Caliban Drexler hated inconsistencies.
Not in the common sense—human error was expected, predictable, even useful. What bothered him were structural inconsistencies. The kind that emerged when the world said no to its own rules.
And the name Hector Virell had been doing exactly that.
"Repeat," Caliban said, slowly turning his chair to face the wall of black glass.
On the other side, three division directors waited in calculated silence. None of them dared break the atmosphere before being invited to speak.
It was Marlowe, head of Temporal Analysis, who did so:
"We cross-referenced all known records from the Veiled Initiative with pre-Revelation databases, declassified diplomatic archives, erased civil records and… residual reflective memories."
He swallowed.
"Hector Virell appears in all of them. Always with the same appearance. Always at the center of critical decisions. Always… intact."
Caliban smiled faintly, drawing the cigar between his teeth without lighting it.
"Always is a dangerous word, Marlowe."
"I agree," the analyst replied. "Which is why I brought this."
The panel lit up.
Old photographs appeared side by side:
Geneva, 1918.Paris, 1939.London, 1945.Berlin, 1961.New York, 1998.
Post-Revelation.
The same man.
The same posture.
The same gaze of someone who already knows the outcome.
"He doesn't age," said Irena Volkov, Director of Arcane Research. "Neither biologically nor magically."
"We tried to locate some form of persistent glamour," Marlowe added. "There is none. No reflective distortion, no stable illusory layer."
Caliban tilted his head, genuinely interested now.
"So he isn't hiding."
"No," Irena replied. "He simply… remains."
The silence stretched.
Then Caliban laughed.
Not loudly.Not with humor.
It was short, satisfied, almost admiring.
"Fascinating."
The three exchanged glances.
"Sir?" Marlowe asked.
Caliban stood and walked toward the glass. The reflection returned the image of a man who also should not exist: hair too white for his apparent age, eyes too alive for someone born before two world wars.
"The Initiative thinks he is the future," Caliban said. "That is their mistake."
He tapped the glass lightly.
"Hector Virell is not the future. He is the past that refused to die."
"Then… what is he?" Irena asked.
Caliban considered for a moment.
"A fixed point," he replied. "An axis. Something the world tries to go around instead of move."
He turned back to them.
"And fixed points are only dangerous to those who don't know how to use them."
"I want everything," Caliban ordered. "Deleted files. Obsolete protocols. Records the Initiative itself has forgotten ever existed."

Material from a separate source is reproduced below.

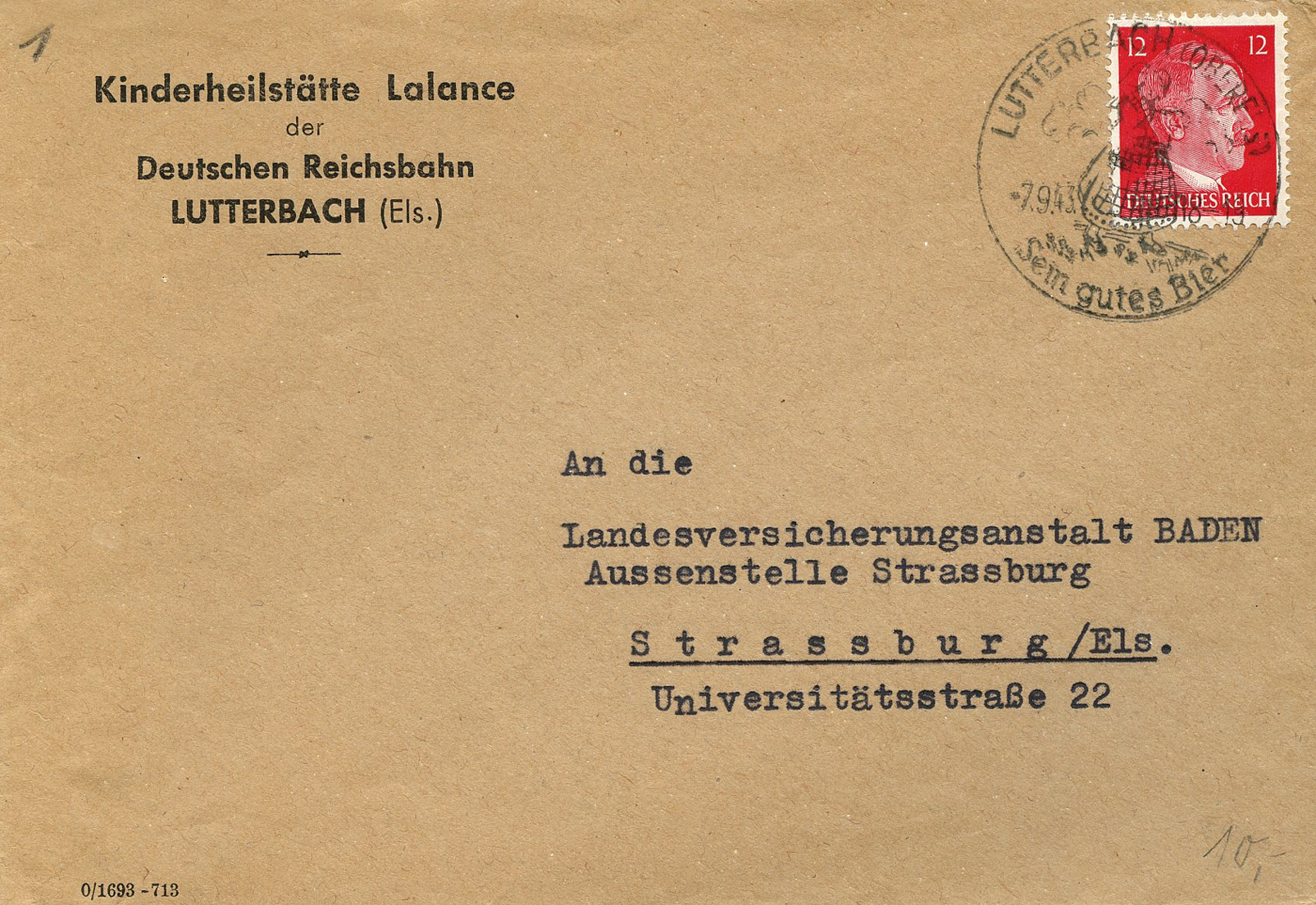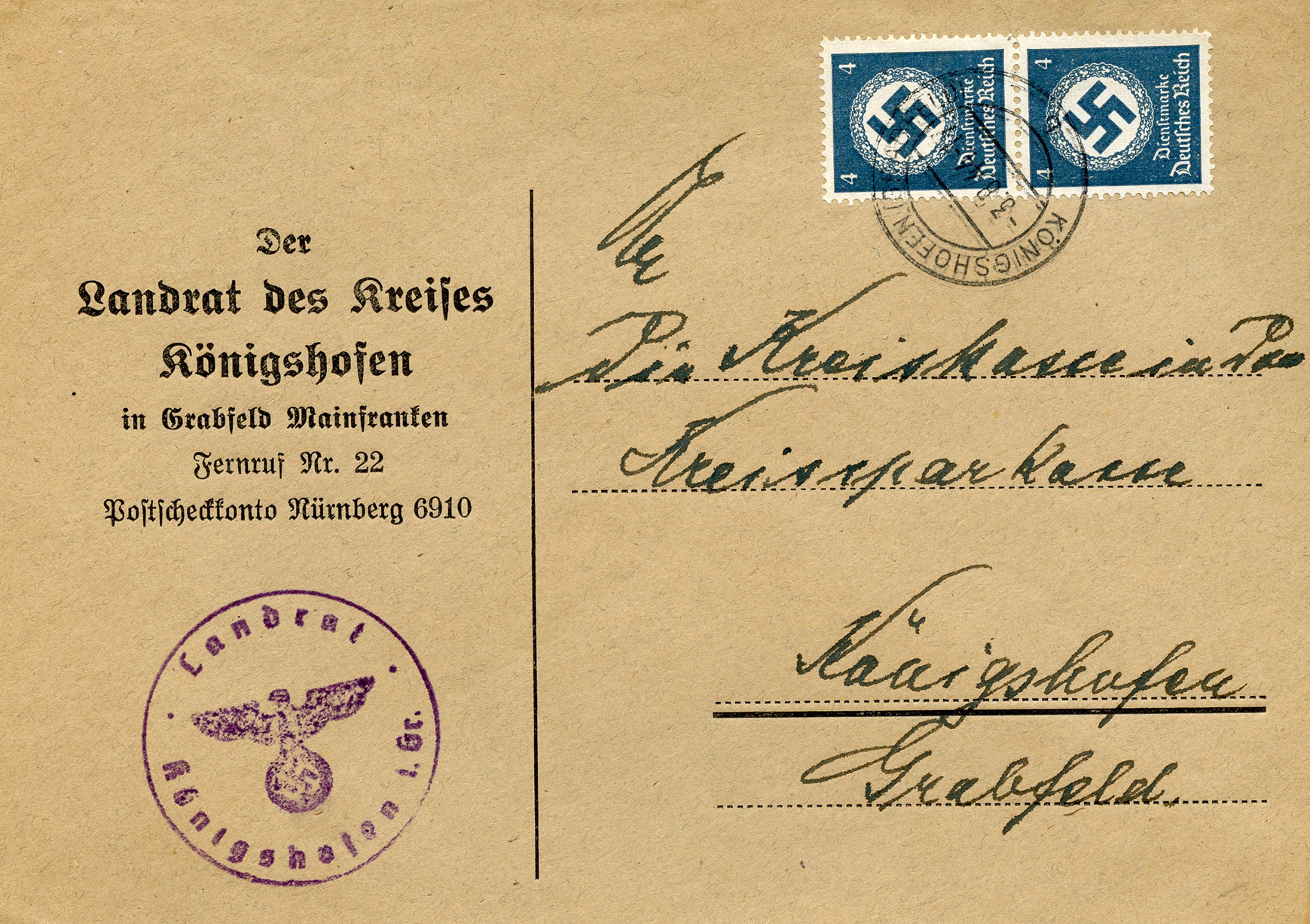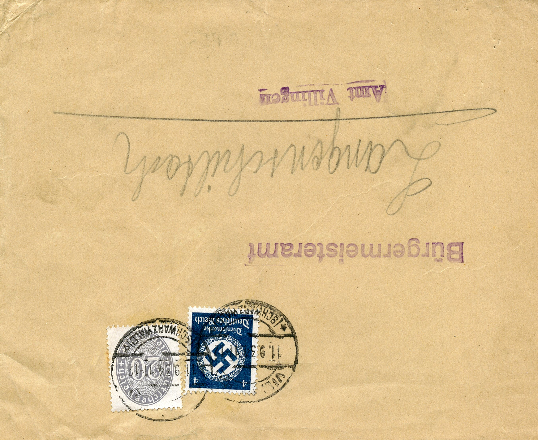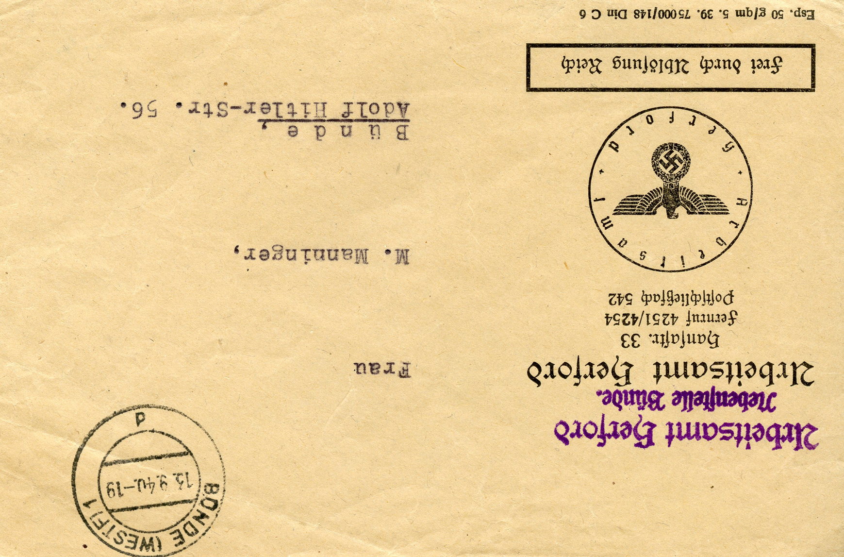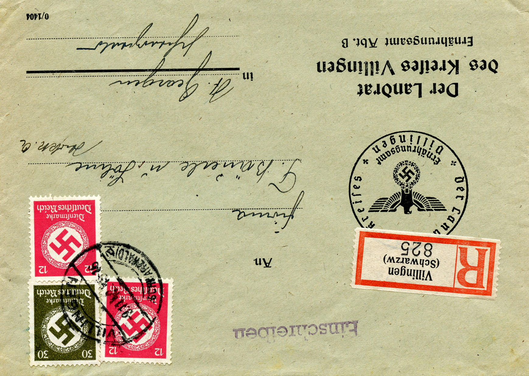 'An die Ortsgruppe der NSDAP. Sünzhausen, z.H. des Ortsgruppenleiters Pg. Ludwig' (To the NSDAP Local Group, Sünzhausen, Attn: Local Group Leader Pg.) This was postmarked on September 15, 1944.]

"There are things even our mirrors can't access," Marlowe warned. "Layers from before the Rift. Before… reflective language existed."
"Then don't use mirrors," Caliban said. "Use people."
He lit the cigar, the smoke drawing subtly wrong patterns in the air.
"There is always someone who remembers. A forgotten name. A diary badly burned. A cult too small to be taken seriously."
Irena frowned.
"A cult?"
Caliban smiled.
"Men like Hector don't pass unnoticed for an entire century without leaving… echoes."
Hours later, in a subterranean Helix sector classified as Dead Archive, a young researcher stared at a fragment of newly restored analog footage.
The image shook.
A man spoke before a rudimentary camera.
"…I don't know how long he was there before us," the voice said. "I only know that when the instability began… he didn't react."
The recording skipped.
"While everyone was screaming, he simply watched. Like someone observing a river change its course."
The camera turned briefly.
For one second—just one—the face of Hector Virell appeared.
Unchanged.
The recording ended.
A chill ran down the researcher's spine.
"Director Drexler…" she murmured, activating the private channel. "I think I found something."
Caliban watched the footage alone.
This time, he did not smile.
"You were there…" he said quietly.
He leaned back, letting the smoke rise.
"Before me. Before Helix. Before even the Initiative."
That fact didn't bother him.
On the contrary.
He felt exhilaration.
"So that's it," he murmured. "You don't want to shape the world."
He raised his gaze.
"You want to pass through it."
Caliban closed the file.
"Prepare an indirect channel," he ordered through the communicator. "No official contact. Nothing traceable."
"An emissary?" they asked.
"No." He smiled, finally with genuine pleasure. "An event."
Far away, Hector Virell felt the change.
Not like an alarm.Not like a threat.
But as a slight tension in the flow of Liquid Mana.
"Helix is moving," he said, eyes still closed.
Seraphine nodded.
"Drexler is too curious to ignore this."
Hector allowed himself a minimal smile.
"Good."
He touched the reservoir, feeling the flow obey.
"Curiosity is the first step toward understanding."
He opened his eyes.
"And understanding… always leads to choice."
The Mana pulsed.
Once more, the world approached a point where no reflection could predict the outcome.